Something’s come up during essay class. Another misbelief.
Which if you look back at previous posts, you’ll see these are false ideas that other people have often laid on you and that you have accepted as part of reality, even if you disagree. Or misbeliefs are something you’ve decided are true, when in fact, they’re just not.
This is why trusting yourself, believing your body when it tells you that something is wrong, is so important for all of us (adults) and for our children to learn.
Yet I still believe that writing about myself is narcissistic and navel-gazing. That if I do it and do it too much that I risk turning into a self-involved and toxic person who only thinks of herself. (Yes, I believe this on a deep level, hammered into me by continual and repeated demonstrations and by the fears of others. I was raised with these beliefs, many given to me carelessly by men, preachers, who turned out later to only want to control me and who were wildly projecting.)

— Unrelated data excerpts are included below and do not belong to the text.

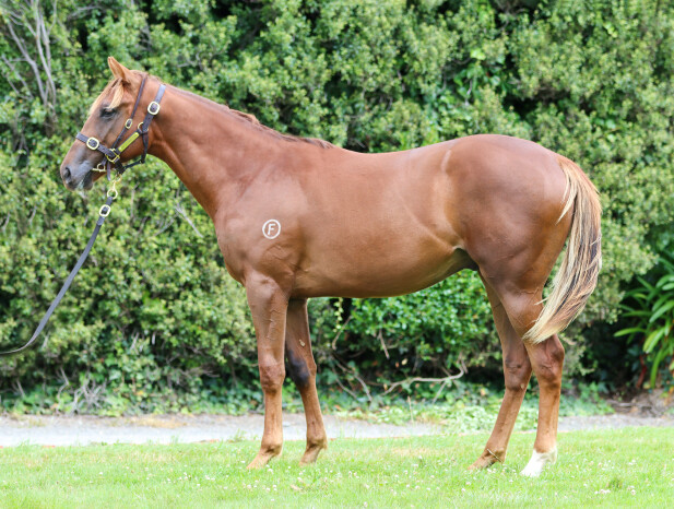 GOLD STANDARD (AUS) (Chestnut 2014-Stud 2018). 2 wins at 1250m, 1500m, ATC Stan Fox S., Gr.2. Sire of 49 rnrs, 23 wnrs, inc. SW Sheeza Belter (BRC JJ Atkins P., Gr.1), SP Gage Roads, Golden Queen and of Sisu Warrior, Kissed by Evie, Merrigold, Golden Hips, Everylittle Breeze, Goldie, Pinchbeck, Crown Crusher, Fear the Sting, Perfect Gold, Zephyrz Zoom, Laura's Gold, Hello Mary, Discovered Gold, Hadrian's Wall, Glorien, etc. 1st dam HEBDEN, by Rubick. Unraced. Half-sister to GRIANTE. This is her first foal. 2nd dam GRAND STRATEGY, by Strategic. Unraced. Half-sister to GRAND JOURNEY, PROLIFERATE, Good and Proper, More Beautiful (dam of KINLOCH). Dam of 9 foals, 6 to race, 5 winners, inc:- GRIANTE (Good Journey). 7 wins-3 in succession-1100m to 1600m, A$1,088,175, ATC Galaxy H., Gr.1, Wenona Girl H., Gr.3, MRC Sportingbet Series Final, Gr.3, Chase Hotel H., Le Pine Funerals P., Sportscover Insures VAFA P., 2d ATC Sapphire S., Gr.2, MRC How Now S., Gr.3, Ipswich TC Gai Waterhouse Classic, L, 3d MVRC William Reid S., Gr.1, Chandler Macleod S., L, 4th SAJC Robert Sangster S., Gr.1, MRC Geoffrey Bellmaine S., Gr.3. Dam of 2 winners- Metro Legend. 6 wins 1200m to 1550m, A$306,655, ATC Darley 2021 Roster H., TAB H., SAJC Thomas Farms H., 4th Oakbank RC Railway S., L. Grand Wish. 2 wins-1 at 2-at 1200m, MRC Ladbrokes Cash in 2YO H. Dam of- What You Wish For (Embellish). 3 wins-1 at 2-at 1300m, 1600m, NZ$124,540, to 2024-25, Hawkes Bay Thank You Resource 2YO S., Matamata RC Hastings to the Core H., 3d Waikato Guineas, Gr.2, 4th Waikato TR James & Annie Sarten Memorial S., Gr.2. Legal Mistress. Winner at 1400m in Aust. Dam of 3 winners- I Am Takingthelot. 3 wins at 1200m, 1350m, A$93,420, in 2023-24, BRC Membership P., Ipswich TC TIACS Foundation P., Great Northern H. GRAND PROSPECT, by Flying Spur. Raced twice. Sister to JOY OF FLIGHT (dam of LANDING). Dam of 12 foals, 10 to race, 8 winners, inc:- GRAND JOURNEY (Good Journey). 5 wins-3 in succession-1400m to 2400m, A$609,850, WATC Derby, Gr.1, Western Australian Oaks, Gr.3, WATC Natasha S., L, 2d WATC Ascot One Thousand Guineas. Grandam of- Kerman Rock (Snippetson). 5 wins 1300m to 2200m, A$262,422, to 2024-25, WATC Morley Growers Market H., Amelia Park H., Envirapest H., 2d WATC Belmont Guineas, L, 3d Western Australian Derby, Gr.2. PROLIFERATE (More Than Ready). 3 wins in succession 1400m to 1800m, A$166,150, VRC Fashion S., L, 2d MRC Autumn S., Gr.2, 4th SAJC Tokyo City Cup, L. Good and Proper (Shooting to Win). 5 wins at 1400m, 1600m, A$466,619, MRC VOBIS Gold Distaff, VRC Auckland Racing Club H., 3d Sale Cup, L. More Beautiful. 5 wins 1400m to 2000m, 3d ATC Instagram H. Dam of-
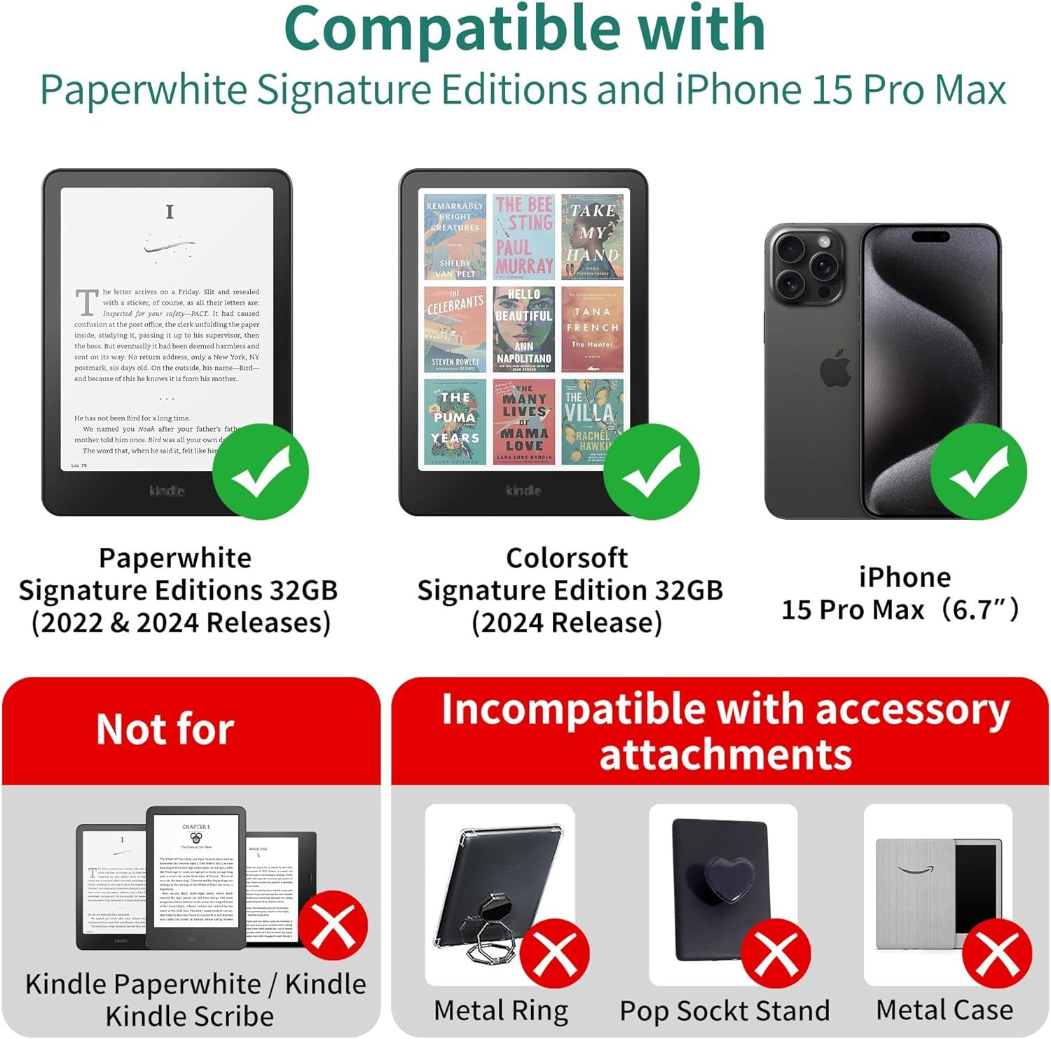 Compatibility: The wireless charging dock is designed for Kindle Paperwhite Signature Edition 32GB (2022 & 2024 Releases) ,for Kindle Colorsoft Signature Edition 32GB and for iPhone 15 Pro Max. Only compatible with the versions that have the “Signature” included in the model. **Not compatible with Kindle 16GB device, such as Paperwhite 16GB (newest model) and Colorsoft 16 GB (newest model) . Please check your device model first**
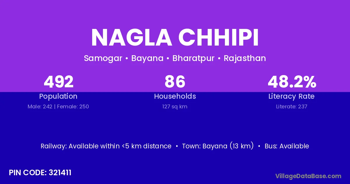 Bayana (13 km) is the nearest town to Nagla Chhipi village for major economic activities and is located approximately 13 km away.
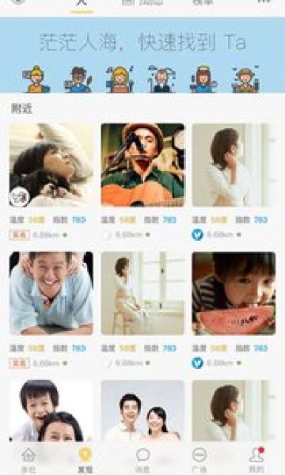 发现:查看附近的人和动态,与附近人,关注或粉丝分享生活的每一个精彩瞬间,记录生活的点滴,发现更多精彩;认识附近人且可交友,听其美声看其美文,撩之礼之友之;

I am not surprised that I still carry this odd idea around. It’s shame. We’re shamed with this kind of ideology both in and out of religion, but religion is really good at it. They’ve perfected it and now it’s in all areas of life. We shame others, all because we feel the panic within ourselves, the “I don’t want to be seen as weak, or I don’t want to lose” feelings. You can’t walk around as a human without feeling shame for something.
But our society has a very odd way of behaving. They want spectacle, they want the scoop, but if you don’t reveal it, you’re not being honest. So, we tell something and then no one believes it. It’s a catch-22.
To counter this misbelief, I must stop caring about what others think of me. So much of writing is believing that you have something important to share, something that you must say out loud, and I think readers can tell when writers are not completely in agreement with themselves. It doesn’t ring true.
Will it help me to tell it? Tell it. Will it help others to tell it? It must still help me first.
See how I recast the misbelief?
I think part of me posting on my blog is to test whether I actually have the courage to write about me and not immediately dive into the nearby bushes to hide. It’s about me challenging this misbelief. It’s my way of reclaiming the space I need to write about myself.
It’s also part of my process. Confronting my misbeliefs. Reclaiming what’s mine. My story. My childhood. My life. My feelings and thoughts about all of it. I know people will not agree, but this space, this blog is me staring down what tries to stop me. Giving me the room to spread out, make space, enlarge, refuse to shrink.
This is my story. These are my observations. If you don’t like it, write your own.